Data excerpts

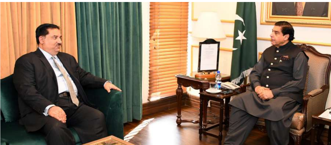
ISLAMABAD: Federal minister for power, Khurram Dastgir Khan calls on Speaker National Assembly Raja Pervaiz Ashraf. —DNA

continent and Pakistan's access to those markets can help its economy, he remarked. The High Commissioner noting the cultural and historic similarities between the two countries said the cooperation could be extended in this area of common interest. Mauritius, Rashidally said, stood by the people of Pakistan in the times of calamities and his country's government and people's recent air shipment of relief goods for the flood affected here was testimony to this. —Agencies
---
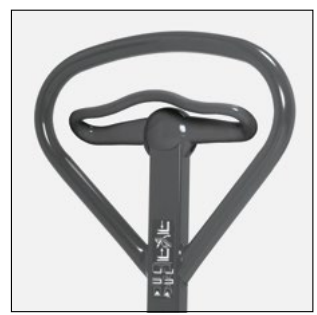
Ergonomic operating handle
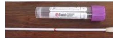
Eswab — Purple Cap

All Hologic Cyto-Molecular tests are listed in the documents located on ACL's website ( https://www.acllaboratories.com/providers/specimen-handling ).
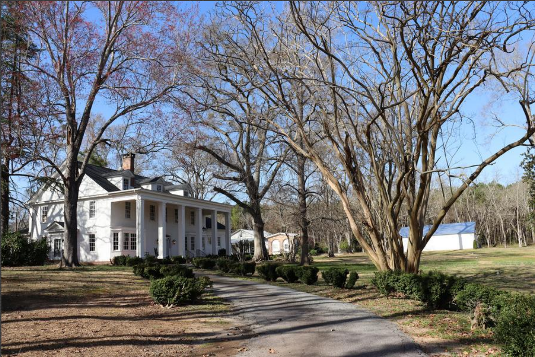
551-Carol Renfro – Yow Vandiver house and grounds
--
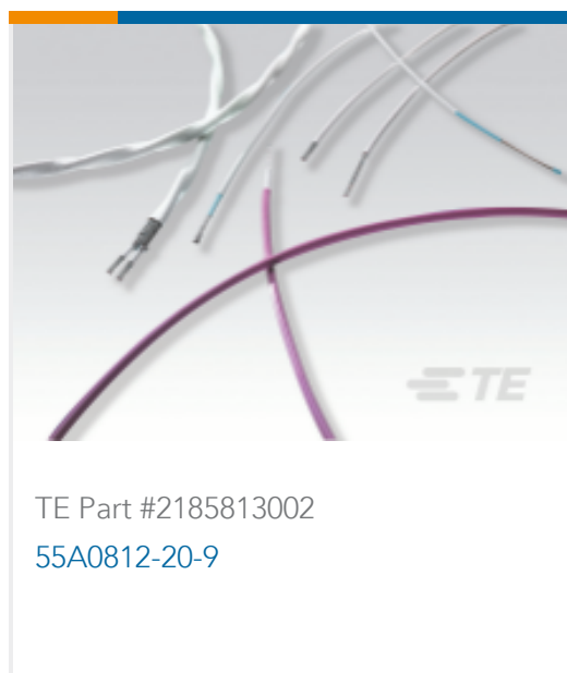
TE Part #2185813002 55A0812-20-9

Exercise brief
Transcribe, word for word, the stretch of lines in the data above from the one with "Eswab — Purple Cap" through the one with "551-Carol Renfro –"; omit all pictures.

Written answer
Eswab — Purple Cap

All Hologic Cyto-Molecular tests are listed in the documents located on ACL's website ( https://www.acllaboratories.com/providers/specimen-handling ).
551-Carol Renfro – Yow Vandiver house and grounds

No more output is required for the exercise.